PROBLEM DETAILS: Go to the line holding "Set sadrži: 1" in the entries below and write out exactly every line down to and including the line holding "柔軟な労働力確保で、建設業の未来を支える スポットワーク人材活用で「建設現場」を強力サポート 第2回".
___ SUPPLIED MATERIAL ___
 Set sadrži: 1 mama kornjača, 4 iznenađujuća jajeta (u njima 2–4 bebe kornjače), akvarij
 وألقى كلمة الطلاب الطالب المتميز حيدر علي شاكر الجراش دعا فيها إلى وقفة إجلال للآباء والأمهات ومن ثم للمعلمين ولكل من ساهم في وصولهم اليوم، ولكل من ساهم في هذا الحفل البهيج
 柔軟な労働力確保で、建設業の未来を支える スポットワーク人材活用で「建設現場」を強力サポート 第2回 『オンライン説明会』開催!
___
___ SUPPLIED MATERIAL ___
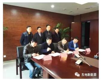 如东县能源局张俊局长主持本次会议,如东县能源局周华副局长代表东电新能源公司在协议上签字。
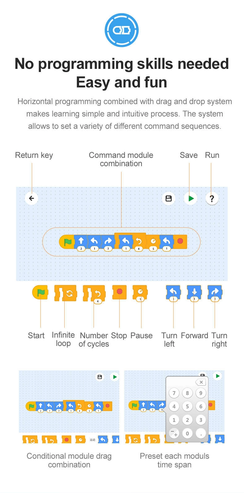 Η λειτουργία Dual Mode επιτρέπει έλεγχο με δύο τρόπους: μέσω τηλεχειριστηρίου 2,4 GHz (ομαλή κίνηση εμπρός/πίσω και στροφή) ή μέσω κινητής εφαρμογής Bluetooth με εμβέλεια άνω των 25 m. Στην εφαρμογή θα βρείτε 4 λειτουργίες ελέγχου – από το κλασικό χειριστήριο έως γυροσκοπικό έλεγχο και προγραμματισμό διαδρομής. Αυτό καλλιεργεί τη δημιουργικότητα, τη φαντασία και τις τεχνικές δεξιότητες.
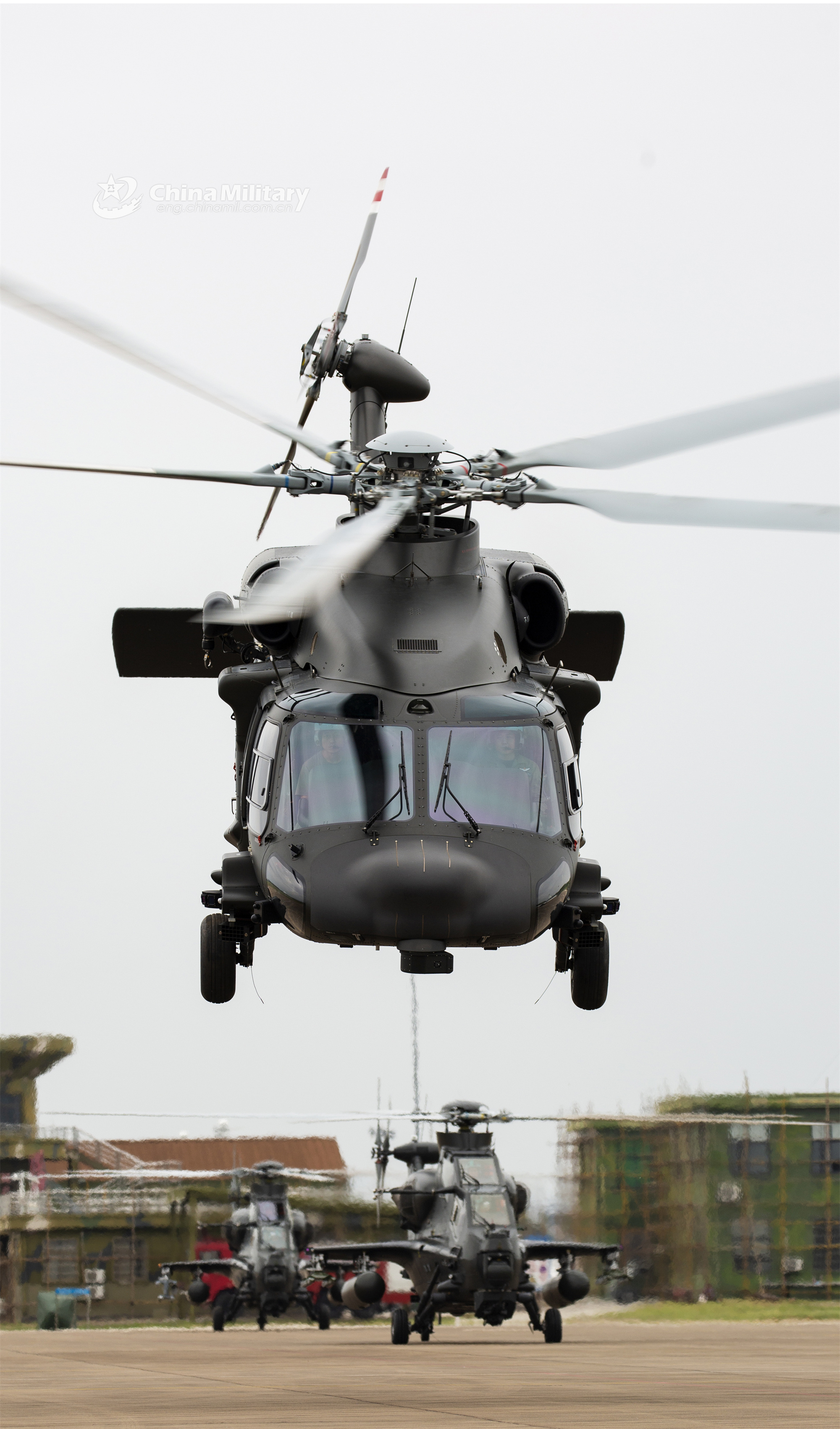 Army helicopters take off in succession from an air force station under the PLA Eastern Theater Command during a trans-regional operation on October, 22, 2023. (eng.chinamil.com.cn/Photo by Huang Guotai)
___
___ SUPPLIED MATERIAL ___
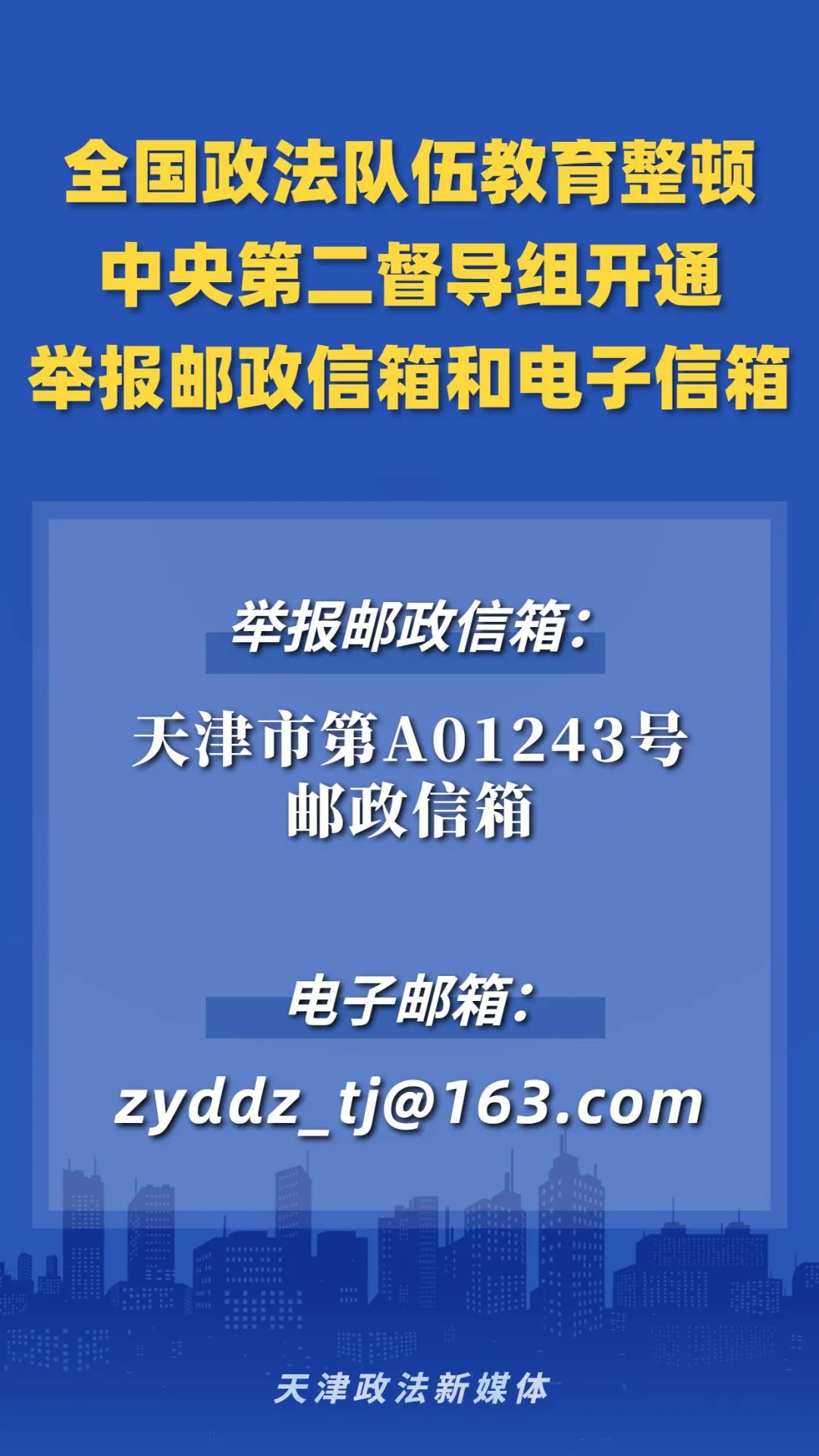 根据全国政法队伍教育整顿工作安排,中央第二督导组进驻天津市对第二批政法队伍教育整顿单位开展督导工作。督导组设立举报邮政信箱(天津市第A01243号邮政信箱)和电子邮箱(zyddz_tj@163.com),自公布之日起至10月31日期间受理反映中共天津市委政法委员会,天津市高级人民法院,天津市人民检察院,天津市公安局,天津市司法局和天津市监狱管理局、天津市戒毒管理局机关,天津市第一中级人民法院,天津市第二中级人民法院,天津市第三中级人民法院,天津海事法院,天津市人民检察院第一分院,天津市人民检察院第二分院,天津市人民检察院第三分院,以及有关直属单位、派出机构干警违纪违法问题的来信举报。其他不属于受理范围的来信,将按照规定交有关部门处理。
___
SOLUTION TO THIS PROBLEM:
 Set sadrži: 1 mama kornjača, 4 iznenađujuća jajeta (u njima 2–4 bebe kornjače), akvarij
 وألقى كلمة الطلاب الطالب المتميز حيدر علي شاكر الجراش دعا فيها إلى وقفة إجلال للآباء والأمهات ومن ثم للمعلمين ولكل من ساهم في وصولهم اليوم، ولكل من ساهم في هذا الحفل البهيج
 柔軟な労働力確保で、建設業の未来を支える スポットワーク人材活用で「建設現場」を強力サポート 第2回 『オンライン説明会』開催!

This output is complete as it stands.